Figure 6 illustrates a Buyer service that asks for quotes from three Seller services and picks the best deal:

  1. The Buyer service sends each Seller a PurchaseOrder message with a CoordinationContext header. These messages can all be sent at the same time.
  2. All three Sellers register for the BusinessAgreementWithParticipantCompletion protocol.
  3. From this point on, each of the 3 Sellers have different flows:
    1. Seller A cannot make a quote. It notifies the Buyer using the coordination protocol Fault message with message's ExceptionIdentifier parameter to indicate this.
    2. Sellers B and C can make a quote.

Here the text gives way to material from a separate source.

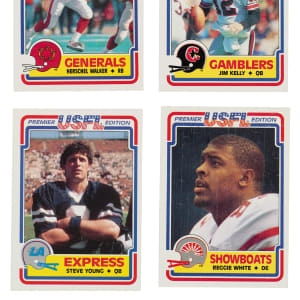 Presented is an outstanding high-grade near-complete set of 1984 Topps USFL football cards consisting of 114 different cards (out of 132 in the set). Missing the following eighteen cards for completion: #12, 14, 17, 18, 38, 42, 57, 59, 62, 71, 73, 80, 92, 96, 102, 109, 115, and 128. This near set is highlighted by the rookie cards of Hall of Famers Steve Young, Herschel Walker, Jim Kelly, and Reggie White. Condition is 15% Nr/Mt to Nr/Mt-Mt, 73% Ex to Ex-Mt, and 12% Vg to Vg-Ex. Keys: #36 Kelly RC (Nr/Mt+ due to centering), 52 Young RC (Nr/Mt due to centering), 58 White RC (Ex+ due to print defects), and 74 Walker RC (Nr/Mt-Mt). Included is an original box in Good condition. A very attractive near-complete set of this classic 1980s football series. Total: 115 items (near set of 114 cards plus box).

They each notify the Buyer using the coordination protocol Completed message with price information included in the message using the extensibility elements of the protocol messages.
  4. After looking at the quotes from Sellers B and C, the Buyer chooses B.
    1. It notifies B with the coordination protocol Close message.
    2. It notifies C with the coordination protocol Compensate message. This compensation may require the Buyer to pay a handling fee.

6.0 Conclusions

WS-Coordination provides uniformity for the creation, propagation, and joining of a distributed activity. WS-AtomicTransaction and WS-BusinessActivity extend this with agreement coordination protocols. Together they provide coordination mechanisms to handle exceptions from a wide variety of sources, ranging from hardware to software to the real world. In conjunction with other Web services standards, we expect them to be useful for applications where the scope spans from an organization within an enterprise, across different organizations in an enterprise, across enterprises, and across different vendor platforms.

Acknowledgements

We are grateful to Omri Gazitt, Johannes Klein, Rodney Limprecht, Matt Powell, Rebecca Dias and Brad Lovering for providing us with valuable feedback in the creation of this white paper.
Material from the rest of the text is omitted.